Walter was sacked in December, but his replacement Pellegrino Matarazzo got Stuttgart promoted using a similar system. In a 3-4-1-2, Wamangituka was been allowed to cut inside and make runs centrally. The results were impressive: seven goals and eight assists.
In the Bundesliga, Matarazzo has stuck with his formula. That gives Wamangituka the freedom to get forward. He also acts as a high-pressing threat, averaging 7.5 pressing duels per game. At the same time, he does not have to worry too much about defending, being covered by right centre back Pascal Stenzel.
Photo: @GabFoligno / Christian Kaspar-Bartke – Getty Images
Stuttgart lost on opening day to Freiburg, but it was a great example of Wamangituka’s role in this youthful team. He burst through at 1-0 down to have a shot cleared off the line by Dominique Heintz.

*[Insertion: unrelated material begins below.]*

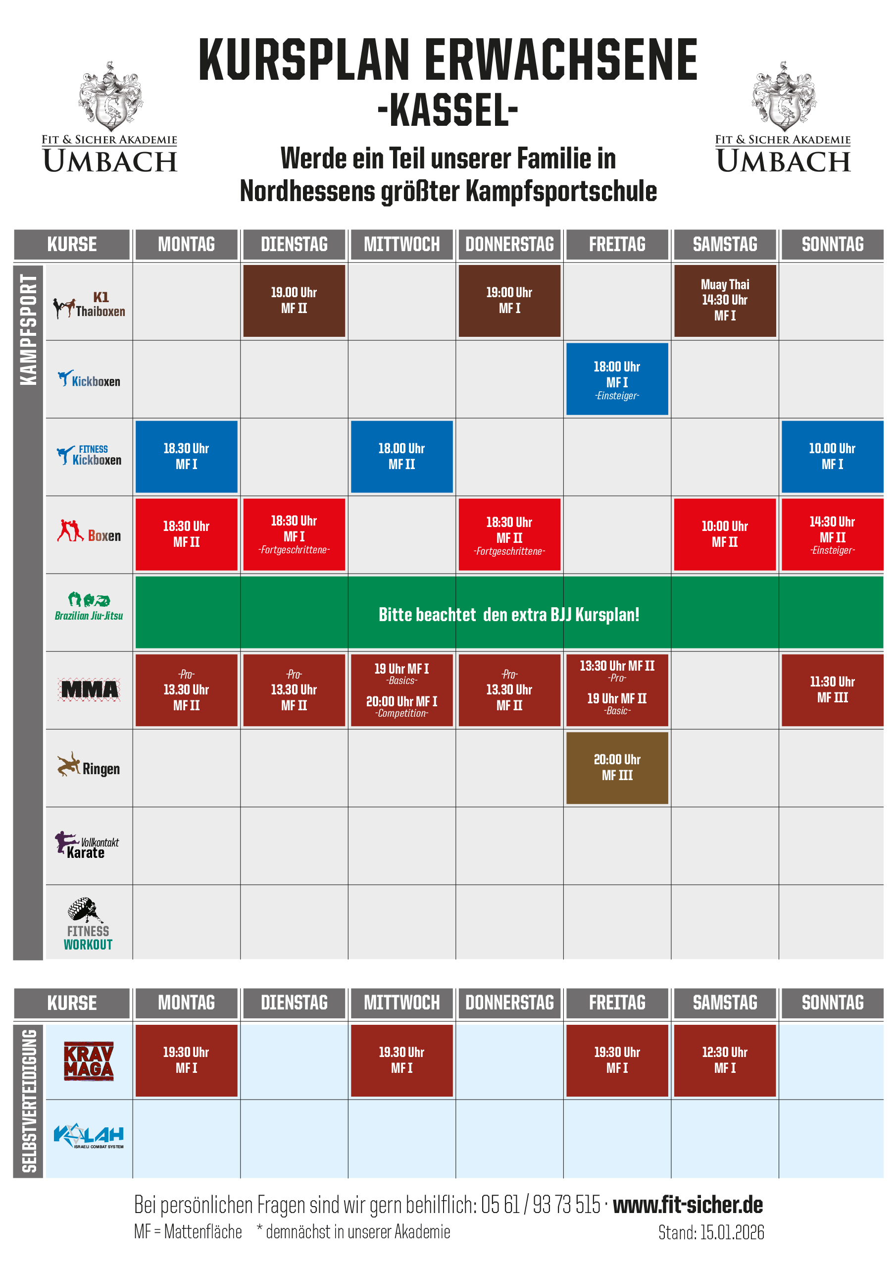 Die Fit & Sicher Akademie Umbach ist einer der größten Anbieter für Kampfsport und Selbstverteidigung in Nordhessen. Unser Team betreut mehr als 1.000 Mitglieder an zwei Standorten – und wir wachsen täglich weiter!

Into the second half, he got on the end of a ball from Wataru Endo to net his first Bundesliga goal.
Wamangituka scored a similar goal in the next game, against Mainz, controlling Gonzalo Castro’s pass to fire Stuttgart level. The Congolese also played a hand in Stuttgart’s third, leading a counter-attack to square for Mateo Klimowicz. Another goal came against Hoffenheim, and at the end of November, he was named Bundesliga Rookie of the Month.
This form has continued into December. Wamangituka put Stuttgart up at Werder Bremen from the penalty spot. Late on he prompted controversy after pouncing on a miscommunication between Jiří Pavlenka and Ömer Toprak.
Presented with an open goal, Wamangituka stopped on the line, only thumping in when Pavlenka got nearby. That annoyed several Werder players, most notably Davie Selke, and earned him a booking from Frank Willenborg for unsporting behaviour.
🇩🇪😅 ICYMI: Stuttgart's Silas Wamangituka finished off Werder Bremen with the simplest of finishes…
He got booked for it too!pic.twitter.com/hyyl4XCiuJ
— The Sportsman (@TheSportsman) December 7, 2020
Another man to feel suitably aggrieved by Wamangituka would be Lucien Favre. The ex-Borussia Dortmund coach was hanging on o his job before the winger led Stuttgart’s 5-1 thumping of BVB at Signal Iduna Park.
Just like in Bremen, Wamangituka opened the scoring from the spot. In the second half, a great run from Orel Mangala allowed him to ghost into the box. Wamangituka showed excellent close control to take two touches from the Belgian’s pull back before firing past Roman Bürki. Later he cut out Jude Bellingham’s pass to release Tanguy Coulibaly, and the PSG loanee curled in to make it 4-1.
Going into the winter break Wamangituka has seven goals and three assists in the Bundesliga. It is a remarkable rise for the 21-year-old.
Even more surprising is he is yet to be called up for international duty. On this matter, DRC head coach Christian Nsengi-Biembe said: “I would like to (call him up), but I can’t. There is an administrative problem, a passport problem. We’ve heard a lot of things, in particular, that he was a political asylum seeker. But there is also an identity problem. One thing is for sure, we’ve never heard of this Wamangituka in DR Congo.”
In December 2019, L’Équipe accused Wamangituka of using a false identity, alleging he is actually called Mvumpa Katompa Silas. Their evidence was a visa application from 2017, which featured a remarkably similar photo. A club in Kinshasa also bizarrely claim this player disappeared from their club two years ago.
Whoever this man is, they have certainly heard of him in Germany. His association with Alès might even make Stuttgart fans want to visit. They could do with a coach full of tourists.